## Exercise requirements
In the records below, find the line with "Surfboards have been", then retype it and every following line exactly, stopping after the line with "Funda de Cuero". Leave the pictures out.

[Collection entries]

>>>

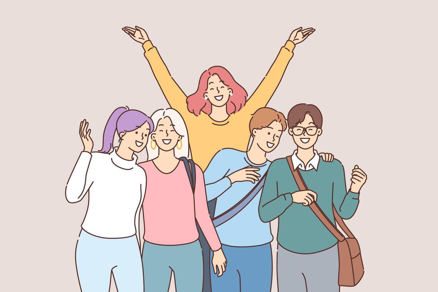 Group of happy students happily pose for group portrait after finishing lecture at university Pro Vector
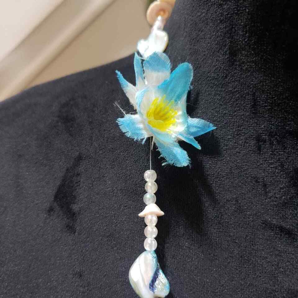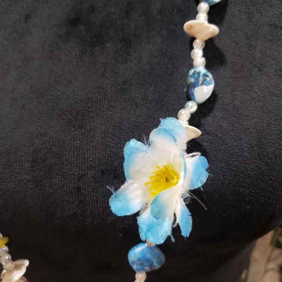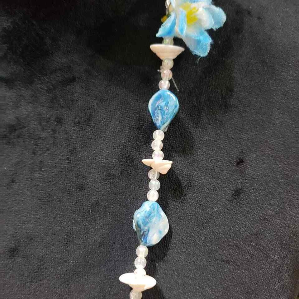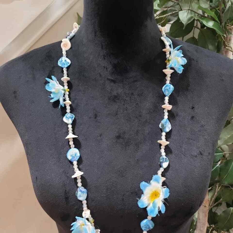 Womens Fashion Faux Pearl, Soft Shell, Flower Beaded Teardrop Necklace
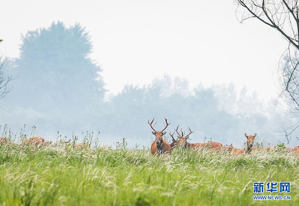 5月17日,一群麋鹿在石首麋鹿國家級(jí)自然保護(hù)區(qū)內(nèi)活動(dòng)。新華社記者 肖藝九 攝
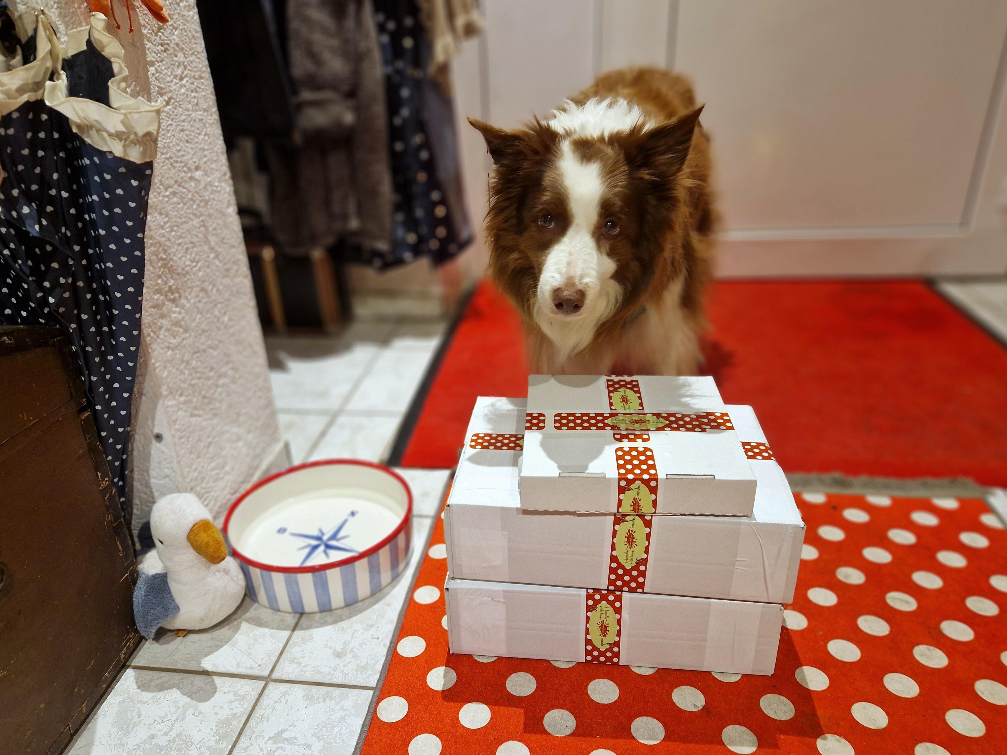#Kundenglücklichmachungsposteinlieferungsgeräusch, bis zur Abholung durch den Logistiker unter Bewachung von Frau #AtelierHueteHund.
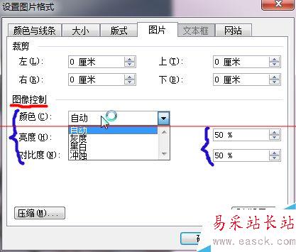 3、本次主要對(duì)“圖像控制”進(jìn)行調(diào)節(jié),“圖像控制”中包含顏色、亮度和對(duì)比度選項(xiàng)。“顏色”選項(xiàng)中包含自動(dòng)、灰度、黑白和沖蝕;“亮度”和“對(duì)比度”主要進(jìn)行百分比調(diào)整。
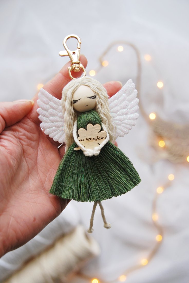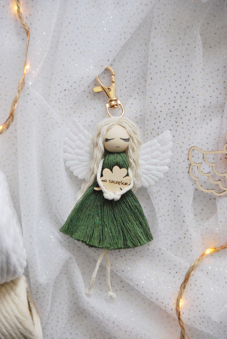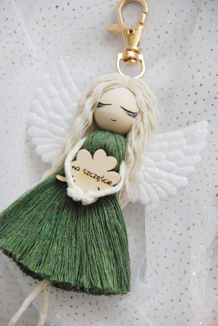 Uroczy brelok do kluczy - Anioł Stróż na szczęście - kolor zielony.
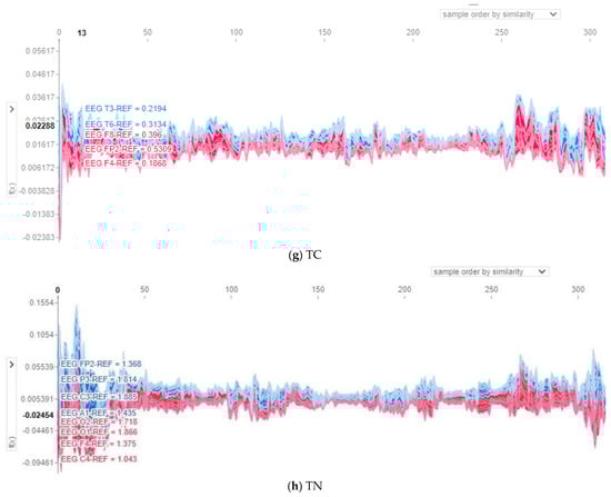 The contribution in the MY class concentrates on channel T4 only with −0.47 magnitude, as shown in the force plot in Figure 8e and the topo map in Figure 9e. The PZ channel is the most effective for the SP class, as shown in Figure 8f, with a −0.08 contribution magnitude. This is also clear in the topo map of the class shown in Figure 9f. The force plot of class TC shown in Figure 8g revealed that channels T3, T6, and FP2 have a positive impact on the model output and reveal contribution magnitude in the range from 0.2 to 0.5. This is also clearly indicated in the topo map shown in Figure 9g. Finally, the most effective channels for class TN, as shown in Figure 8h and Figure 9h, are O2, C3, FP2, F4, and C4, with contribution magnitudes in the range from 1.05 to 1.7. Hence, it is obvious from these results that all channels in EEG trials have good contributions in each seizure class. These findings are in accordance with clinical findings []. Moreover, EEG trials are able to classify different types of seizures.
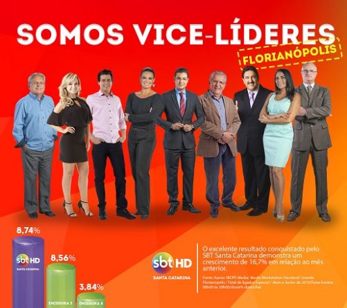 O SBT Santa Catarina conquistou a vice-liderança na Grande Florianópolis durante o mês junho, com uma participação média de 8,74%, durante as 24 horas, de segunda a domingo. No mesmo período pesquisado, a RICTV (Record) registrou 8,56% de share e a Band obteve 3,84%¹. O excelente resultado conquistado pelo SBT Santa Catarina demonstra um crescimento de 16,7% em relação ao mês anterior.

<<<
>>>

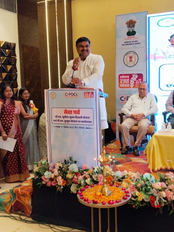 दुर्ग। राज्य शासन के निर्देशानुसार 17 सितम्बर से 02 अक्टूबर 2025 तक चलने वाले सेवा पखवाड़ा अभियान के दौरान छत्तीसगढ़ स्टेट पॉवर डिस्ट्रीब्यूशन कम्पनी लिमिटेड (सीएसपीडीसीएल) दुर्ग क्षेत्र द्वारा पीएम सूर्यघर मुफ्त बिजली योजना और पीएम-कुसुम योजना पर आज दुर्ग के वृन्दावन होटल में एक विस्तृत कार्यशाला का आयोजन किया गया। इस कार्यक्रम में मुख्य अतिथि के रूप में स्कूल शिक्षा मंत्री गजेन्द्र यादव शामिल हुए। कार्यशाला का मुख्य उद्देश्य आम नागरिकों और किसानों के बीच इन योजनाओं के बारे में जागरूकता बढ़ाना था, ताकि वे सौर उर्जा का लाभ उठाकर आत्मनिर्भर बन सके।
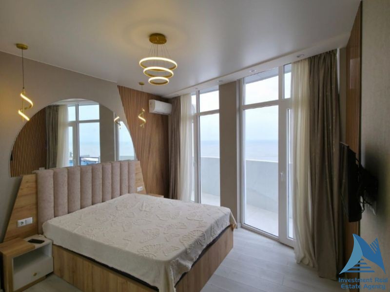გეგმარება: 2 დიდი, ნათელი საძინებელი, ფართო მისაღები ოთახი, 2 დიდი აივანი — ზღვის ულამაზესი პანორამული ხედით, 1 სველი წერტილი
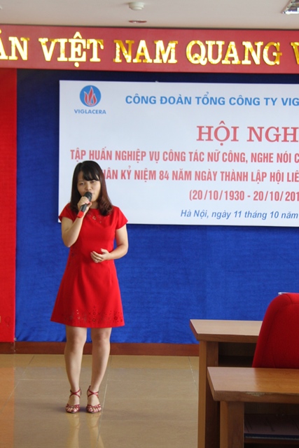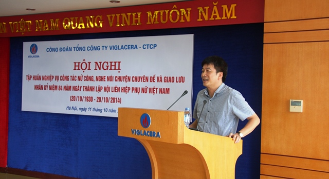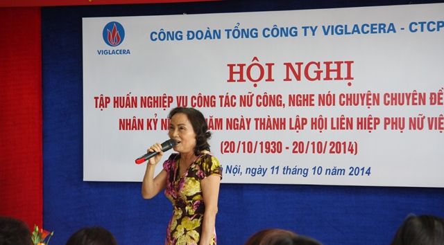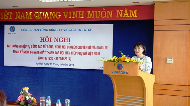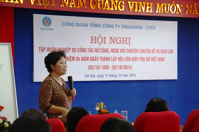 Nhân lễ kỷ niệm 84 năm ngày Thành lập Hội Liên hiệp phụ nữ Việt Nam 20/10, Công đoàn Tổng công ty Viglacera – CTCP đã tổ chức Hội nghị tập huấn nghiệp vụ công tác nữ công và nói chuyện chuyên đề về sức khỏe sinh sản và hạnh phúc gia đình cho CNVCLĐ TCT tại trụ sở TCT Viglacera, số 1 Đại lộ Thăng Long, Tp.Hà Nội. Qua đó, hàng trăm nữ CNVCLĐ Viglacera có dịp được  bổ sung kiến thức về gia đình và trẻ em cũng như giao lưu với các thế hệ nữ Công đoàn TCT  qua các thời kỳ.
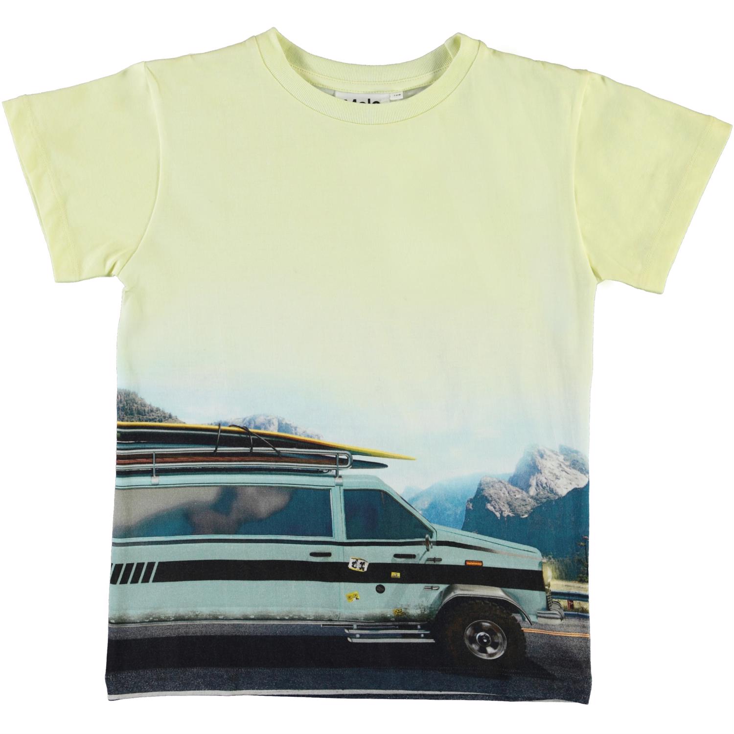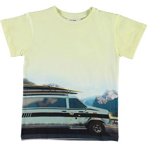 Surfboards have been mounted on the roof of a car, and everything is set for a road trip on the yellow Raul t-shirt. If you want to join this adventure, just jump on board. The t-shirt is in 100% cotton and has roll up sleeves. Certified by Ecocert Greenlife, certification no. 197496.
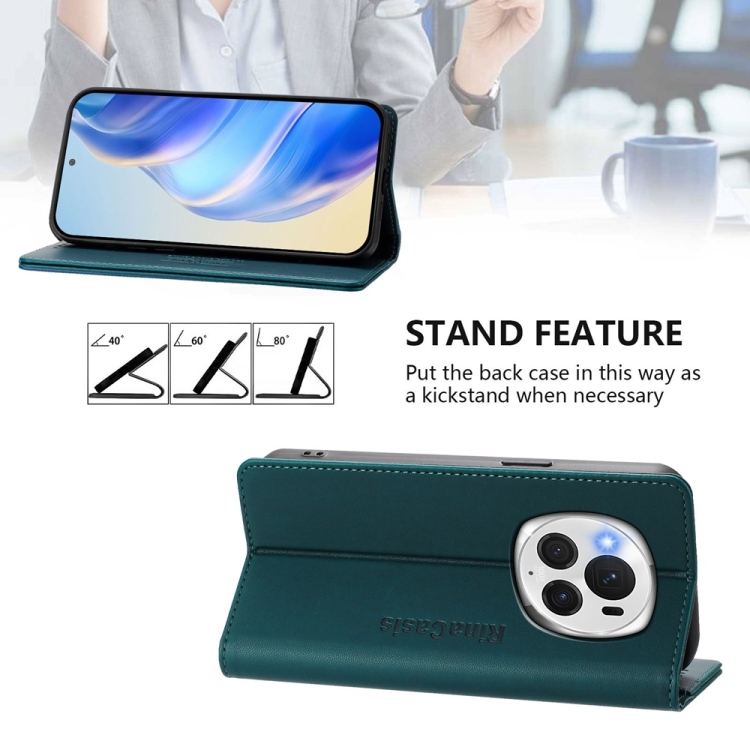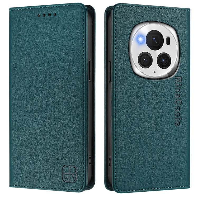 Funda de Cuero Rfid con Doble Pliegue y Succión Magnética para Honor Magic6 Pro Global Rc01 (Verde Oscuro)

<<<

## Solution for this exercise
 Surfboards have been mounted on the roof of a car, and everything is set for a road trip on the yellow Raul t-shirt. If you want to join this adventure, just jump on board. The t-shirt is in 100% cotton and has roll up sleeves. Certified by Ecocert Greenlife, certification no. 197496.
 Funda de Cuero Rfid con Doble Pliegue y Succión Magnética para Honor Magic6 Pro Global Rc01 (Verde Oscuro)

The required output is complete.